Шрифт:
Интервал:
Закладка:
Красные повязки явно считали, что через Яо невозможно переправиться ниже по течению. Река был широкая, а ее глубина на середине равнялась росту человека. Но мятежники были наньжэнями; их предки вели оседлый образ жизни. Если бы среди них были монголы, они бы знали, что любую реку можно перейти вброд, если хватит решимости. Или если не заботиться о том, сколько солдат можно потерять при этом.
– Условия не идеальные, – заметил Эсэнь, имея в виду дожди, от которых река вздулась и скорость течения увеличилась. – Сколько потребуется времени, чтобы переправить на другой берег батальоны и занять позиции на флангах?

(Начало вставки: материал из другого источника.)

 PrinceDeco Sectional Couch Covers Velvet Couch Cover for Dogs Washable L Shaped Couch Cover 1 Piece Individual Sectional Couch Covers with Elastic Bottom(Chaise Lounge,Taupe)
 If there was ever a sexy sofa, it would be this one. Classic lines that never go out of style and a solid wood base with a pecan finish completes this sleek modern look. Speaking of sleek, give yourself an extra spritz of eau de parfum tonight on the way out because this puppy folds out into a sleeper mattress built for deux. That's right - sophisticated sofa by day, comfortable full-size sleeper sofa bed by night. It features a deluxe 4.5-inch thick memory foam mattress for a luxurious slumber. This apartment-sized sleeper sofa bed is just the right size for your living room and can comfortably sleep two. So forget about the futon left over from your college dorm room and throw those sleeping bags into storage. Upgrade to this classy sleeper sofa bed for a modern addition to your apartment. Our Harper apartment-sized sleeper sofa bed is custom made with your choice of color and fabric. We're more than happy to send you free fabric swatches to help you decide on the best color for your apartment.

Оюан задумался. Если бы не дождь, он бы послал солдат переправиться ночью. А так…
– Я прикажу начать переправу на рассвете, иначе потери будут слишком большими. Они смогут быть на месте к началу часа Змеи. – Между восходом солнца и полднем. – К этому времени мы уже начнем бой, и он будет недолгим.
– Ты знаешь, что я не возражаю против небольшой рукопашной схватки, – сказал Эсэнь. Это было слабо сказано: он обожал рукопашную. Вокруг его глаз собрались морщинки. – Мы просто поиграем до тех пор, пока батальоны флангов завершат переправу, потом закончим. Ах, почти жалко, что все закончится так быстро! Надо насладиться каждым мгновением.

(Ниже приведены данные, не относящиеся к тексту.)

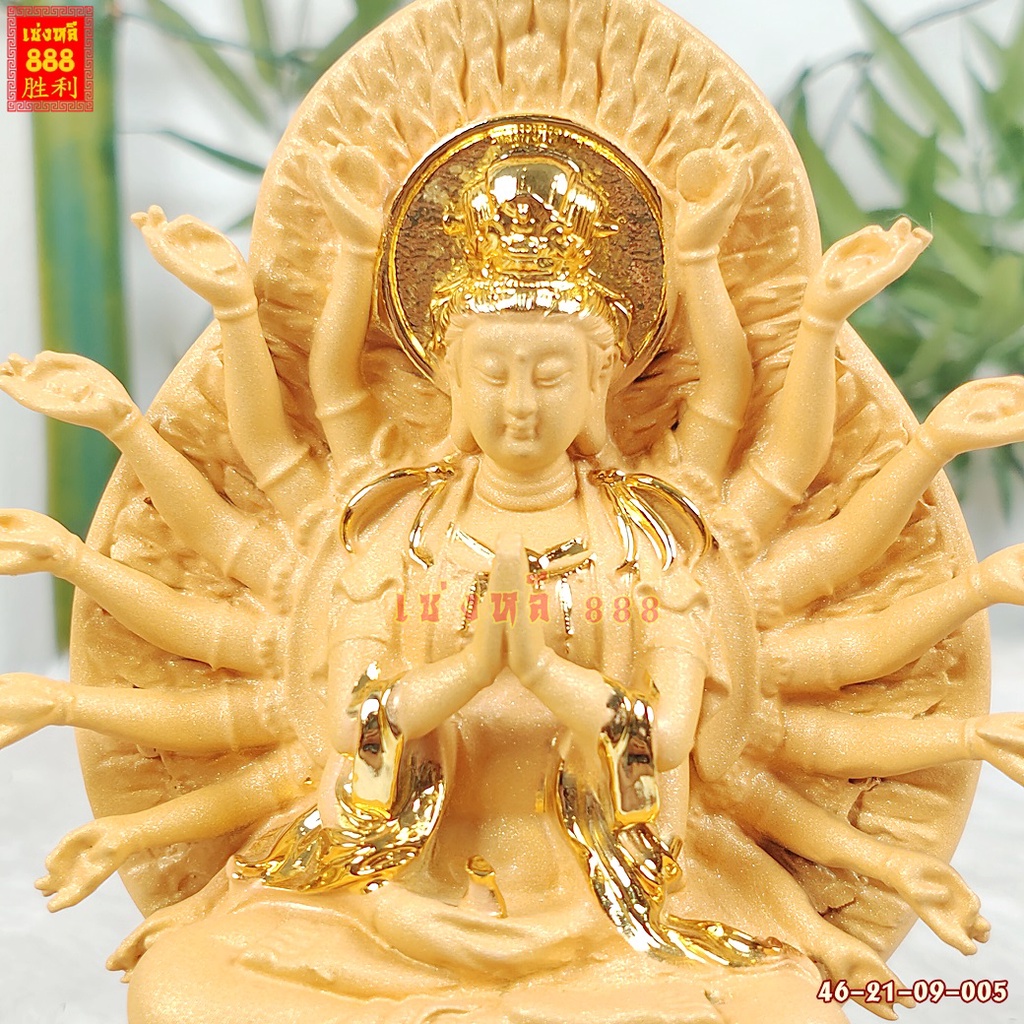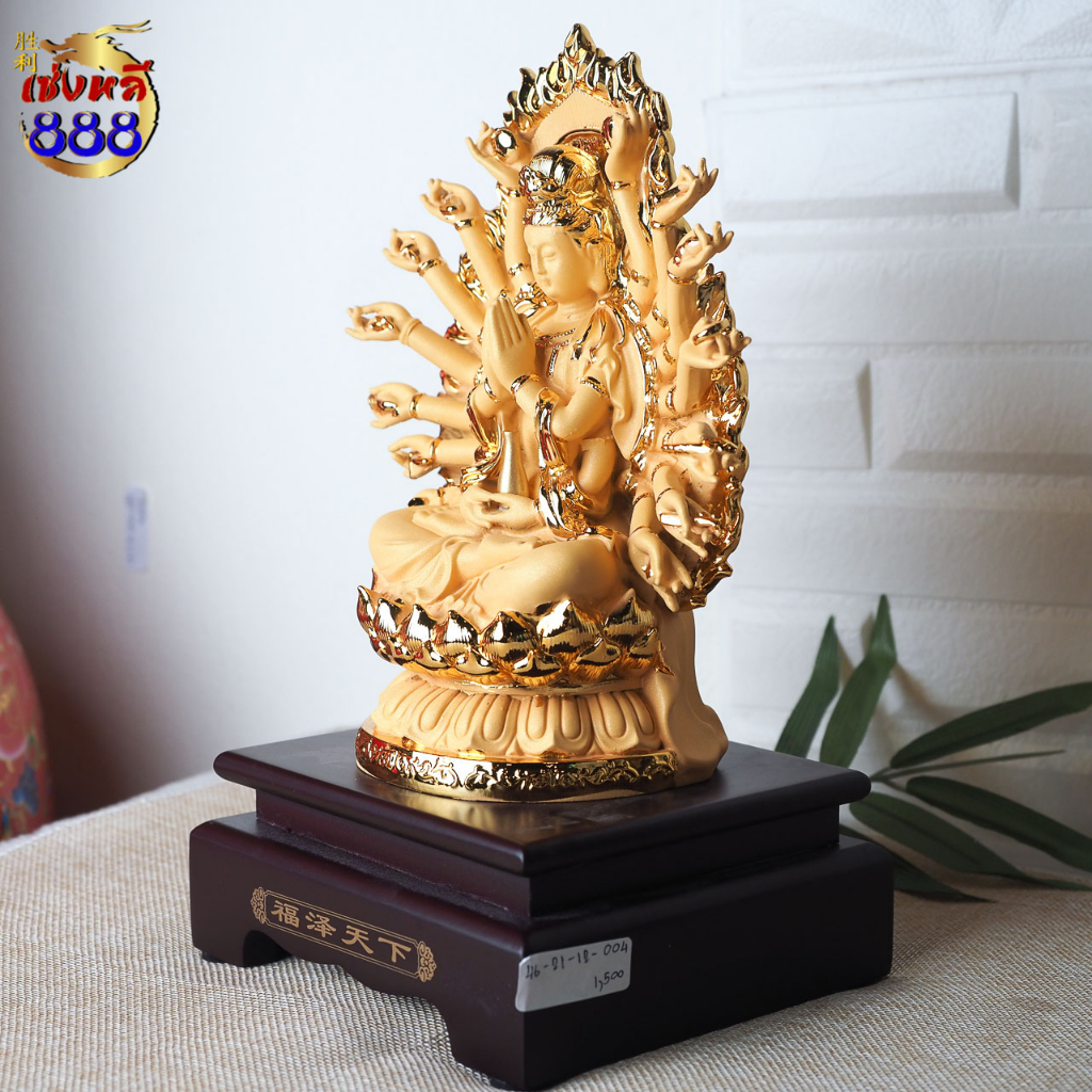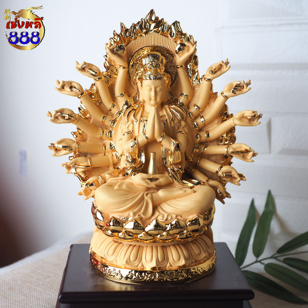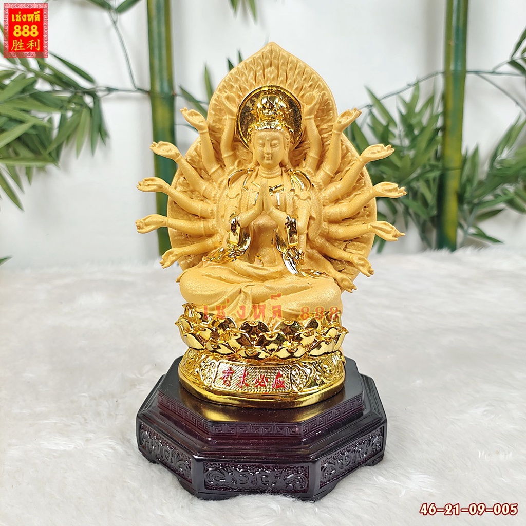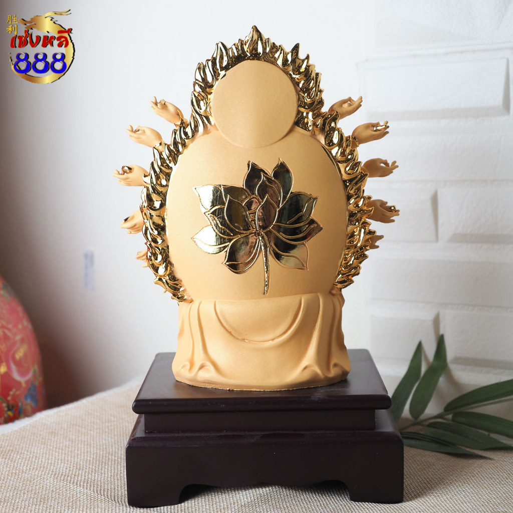 (พร้อมส่ง) เจ้าแม่กวนอิมนั่งดอกบัว ปางพันมือ หลังมีรัศมี งานเรซิ่นพ่นทรายสีทอง พร้อมฐาน สูง 9-21 นิ้ว

Несмотря на то что лицо Эсэня было гладким и правильным, как у статуи, в нем кипели бурные страсти, и он вовсе не был таким безмятежным. У Оюана всегда сжималось сердце, когда он видел его таким: горящим предвкушением удовольствия, когда кровь его предков, степных воинов, кипела в его жилах. В этом была некая трогательная чистота, вызывающая у Оюана зависть. Он никогда не был способен переживать момент удовольствия так просто и чисто, как Эсэнь. Само понимание того, что оно преходяще, что любое мгновение лишится своей сладости и живости, когда станет воспоминанием, вызывало в нем одновременно горькое и сладкое ощущение даже в самый момент события.
Чувствуя себя так, будто он получил удар кинжалом в грудь, он ответил:
– Да, мой господин.
Командиры разбудили Чжу и остальных Красных повязок до рассвета и приказали занять позицию у моста. Юйчунь уже исчез, не сказав ни слова на прощание, и Чжу предположила, что Цзяо поступил так же. Несмотря на всю веру людей в Сияющего Принца и его Мандат, возбуждение вчерашнего дня утихло и переросло в тревожное ожидание. Перед ними арка моста поднималась над черной водой и исчезала в темноте.
Чжу ждала, облака пара от дыхания дрожали перед ней. Бледный зимний свет заползал на небо над высокогорным озером и отодвигал темноту по другую сторону моста. Стал виден дальний плацдарм перед мостом, а за ним одна за другой появлялись шеренги воинов. С каждым мгновением становилось все светлее, и еще одна шеренга появлялась позади предыдущей. Их число росло, наконец стал виден весь берег, покрытый одинаковыми шеренгами воинов в черных доспехах.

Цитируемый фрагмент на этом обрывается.